I am thinking about writing a simple lab practicum for students of informatics (computer programming course) for assembly programming language.
The problem I am having is to identify the best architecture, mainly due to the large number of different instruction sets, address handling, program flow etc.
I have identified three possible solutions and I would like to read about other people’s experiences in this matter.
* The first solution would be to use simpler microcontrollers as the platform because of their simple architecture and reduced instruction set. Also, because it is simple to make them interact with surrounding peripheral devices attached. I believe that this freedom of playing with real physical devices would be interesting and motivating to students. On the other hand, I am afraid that this approach would teach them that computers are programmed to make other devices move around, switch on-off, communicate simple commands etc. whilst on the other hand, sometimes, programming is all about manipulating data, taking inputs and creating outputs, and most of the time, doing it all in memory (compression algorithms, encryption, decryption etc.).

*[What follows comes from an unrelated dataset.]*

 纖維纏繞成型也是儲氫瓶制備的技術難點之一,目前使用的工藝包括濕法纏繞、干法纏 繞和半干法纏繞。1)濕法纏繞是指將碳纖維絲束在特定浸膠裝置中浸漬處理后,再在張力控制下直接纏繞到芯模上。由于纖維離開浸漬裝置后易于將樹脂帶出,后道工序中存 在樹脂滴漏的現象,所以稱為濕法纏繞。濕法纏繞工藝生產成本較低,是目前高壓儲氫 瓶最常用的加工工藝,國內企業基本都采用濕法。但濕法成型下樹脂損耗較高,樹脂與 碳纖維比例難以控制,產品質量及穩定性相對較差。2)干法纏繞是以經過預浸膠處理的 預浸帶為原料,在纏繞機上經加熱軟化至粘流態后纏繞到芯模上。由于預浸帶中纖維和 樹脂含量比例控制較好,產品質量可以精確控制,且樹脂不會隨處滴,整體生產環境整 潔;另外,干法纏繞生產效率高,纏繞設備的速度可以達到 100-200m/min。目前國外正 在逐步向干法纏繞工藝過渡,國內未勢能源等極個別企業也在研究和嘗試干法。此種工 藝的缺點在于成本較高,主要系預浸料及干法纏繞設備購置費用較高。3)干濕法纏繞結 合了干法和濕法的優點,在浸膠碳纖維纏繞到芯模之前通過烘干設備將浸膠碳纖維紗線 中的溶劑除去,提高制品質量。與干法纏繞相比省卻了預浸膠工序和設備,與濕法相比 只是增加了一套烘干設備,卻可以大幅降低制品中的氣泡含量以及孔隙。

* The second solution would be to go straight to real PC architectures, but not to AMD Phenom or Intel i7 processor instruction set assembler languages, but instead to older Intel chips from the 80x series. This way they could learn the real way x86 architecture works and how it had evolved into what it is now. For this solution, I am afraid that it might teach them outdated ways of coding, stack handling and that it would not give them an opportunity to learn about parallelism, optimizing code for piping etc.

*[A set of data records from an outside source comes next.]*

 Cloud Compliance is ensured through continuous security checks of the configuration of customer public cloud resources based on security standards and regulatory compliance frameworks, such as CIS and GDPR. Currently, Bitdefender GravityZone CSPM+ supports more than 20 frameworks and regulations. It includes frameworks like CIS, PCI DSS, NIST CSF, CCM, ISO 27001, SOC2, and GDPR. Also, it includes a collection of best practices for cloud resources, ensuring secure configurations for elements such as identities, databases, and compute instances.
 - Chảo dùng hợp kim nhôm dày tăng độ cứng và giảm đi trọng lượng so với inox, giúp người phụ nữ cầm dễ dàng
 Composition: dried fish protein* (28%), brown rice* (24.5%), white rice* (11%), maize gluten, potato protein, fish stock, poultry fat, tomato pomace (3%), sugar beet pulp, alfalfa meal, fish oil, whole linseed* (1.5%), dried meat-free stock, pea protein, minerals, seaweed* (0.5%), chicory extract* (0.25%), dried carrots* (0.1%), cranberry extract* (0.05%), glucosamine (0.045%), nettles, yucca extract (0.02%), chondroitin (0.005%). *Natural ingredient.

* The third solution would be to design new computer architecture. Of course, to create an emulator that would execute programs written using a whole new instruction set, designed solely for that new computer architecture. This architecture would have a RISC instruction set CPU, a simple limited memory, interrupts, virtual hard drives and other types of permanent memory, input and output devices (all simulated by means of interfacing with physical peripherals of the host machine) etc. By designing a new architecture, I could combine bits from microcontrollers, such as the possibility to directly control virtual devices (step motors, lights and other devices) connected to different kinds or general input output ports, UART etc. while I could also keep all the good things of PC architectures, such as more complex memory handling, parallelism. I could introduce virtualization, etc. The reason I am unsure is because this looks like a very big project and am unsure if it would be an overkill to do something like this, although it is not too complicated, it would only take up too much time.
So there were my three ideas for solving the dilemma (`trilemma`) regarding the question on choosing the best architecture to begin teaching beginner students in programming assembly by preparing a course practicum.
I would like to hear ideas of others and would be grateful for any suggestion from those with experience in this or similar topics.